Cuando la capacidad para recaudar es limitada, la imposición sobre bienes es una opción
conveniente desde el punto de vista administrativo, particularmente en el caso de las
exportaciones tradicionales procesadas y vendidas en pocos sitios. Además de la facilidad para
recaudar, a menudo se citan otros tres argumentos en defensa de tales prácticas impositivas:
La respuesta a corto plazo de los cultivos de exportación tradicional (su elasticidad de oferta)
es baja.
Los productores de bienes sujetos a cuotas internacionales obtienen rentas (ganancias por
encima de la tasa normal), las que pueden ser transferidas al sector público a través de
impuestos sin reducir la oferta de estos productos.

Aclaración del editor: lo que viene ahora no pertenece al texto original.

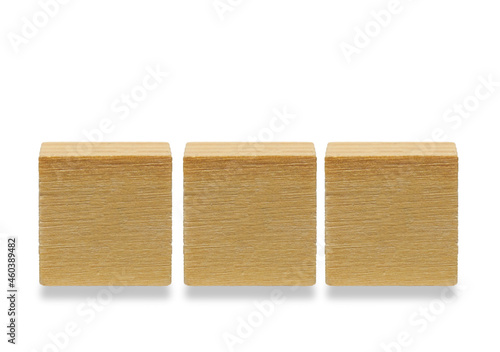 Three wooden cubes, wooden geometric shapes cube isolated on a white background
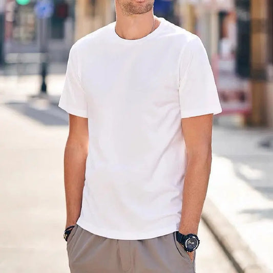 Men Casual Round Neck Solid Color Short-Sleeved T-Shirt

El tercer argumento, que la agricultura no paga su propia cuota de impuestos, puede ser
correcto en muchos casos, pero debe ser evaluado en el contexto de mecanismos de políticas
de precios, directos e indirectos, que frecuentemente incluyen tributos implícitos a la
agricultura. Si el aumento de los ingresos fiscales cobrados a la agricultura es un objetivo
principal, es importante tener presente que los impuestos sobre los factores primarios de la
producción (tierra, trabajo, capital), o sobre el ingreso, que es el rendimiento del conjunto de
los factores, no distorsionan las decisiones sobre asignación de recursos entre productos. Por
lo tanto, desde el punto de vista de la eficiencia económica, es preferible gravar los factores
primarios y no los bienes.
Así, puede apreciarse que carecen de base las justificaciones tradicionales para gravar los
bienes agrícolas. Amén de la preocupación básica sobre la carga fiscal, tales impuestos son
dañinos para la eficiencia económica del sector y por lo tanto para sus posibilidades de
crecimiento; también tienden a hacer más desigual la distribución del ingreso rural-urbano.
Como se comenta en el Capítulo 5, en muchas circunstancias la forma más apropiada de gravar
a la agricultura es el impuesto a la tierra.